* WHAT IS EXPECTED *
Write out the listing exactly, dropping any picture it contains.

* DATA SECTION *
== == ==
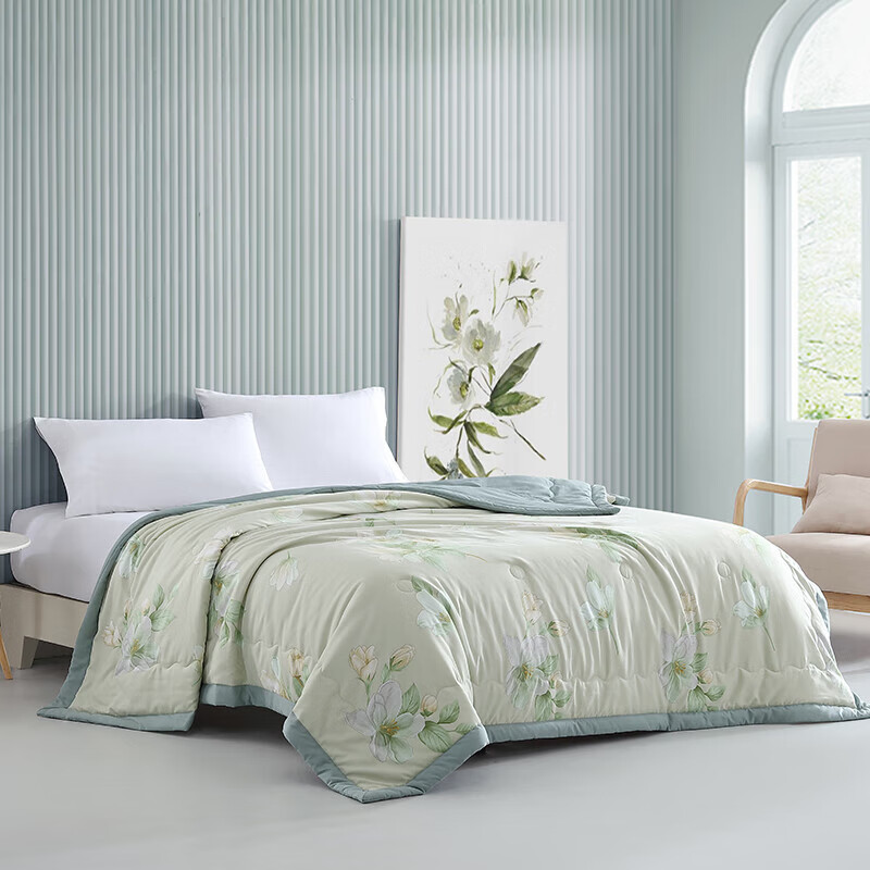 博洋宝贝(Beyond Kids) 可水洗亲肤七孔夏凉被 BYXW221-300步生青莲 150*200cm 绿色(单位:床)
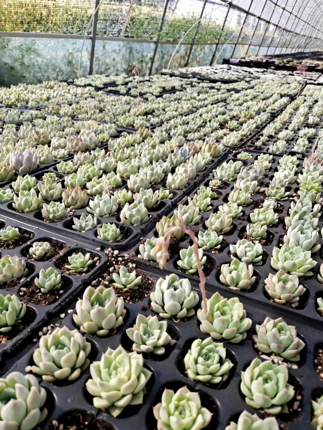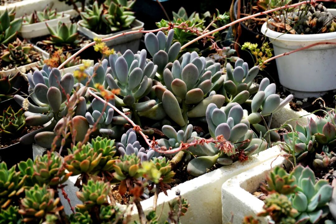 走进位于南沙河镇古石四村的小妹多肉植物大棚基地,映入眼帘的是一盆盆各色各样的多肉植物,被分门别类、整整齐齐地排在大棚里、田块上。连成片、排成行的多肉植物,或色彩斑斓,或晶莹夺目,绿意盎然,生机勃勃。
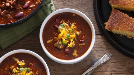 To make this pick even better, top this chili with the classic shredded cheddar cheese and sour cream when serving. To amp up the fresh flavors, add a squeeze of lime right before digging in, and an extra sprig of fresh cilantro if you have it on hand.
== == ==
* TASK RESULT *
 博洋宝贝(Beyond Kids) 可水洗亲肤七孔夏凉被 BYXW221-300步生青莲 150*200cm 绿色(单位:床)
 走进位于南沙河镇古石四村的小妹多肉植物大棚基地,映入眼帘的是一盆盆各色各样的多肉植物,被分门别类、整整齐齐地排在大棚里、田块上。连成片、排成行的多肉植物,或色彩斑斓,或晶莹夺目,绿意盎然,生机勃勃。
 To make this pick even better, top this chili with the classic shredded cheddar cheese and sour cream when serving. To amp up the fresh flavors, add a squeeze of lime right before digging in, and an extra sprig of fresh cilantro if you have it on hand.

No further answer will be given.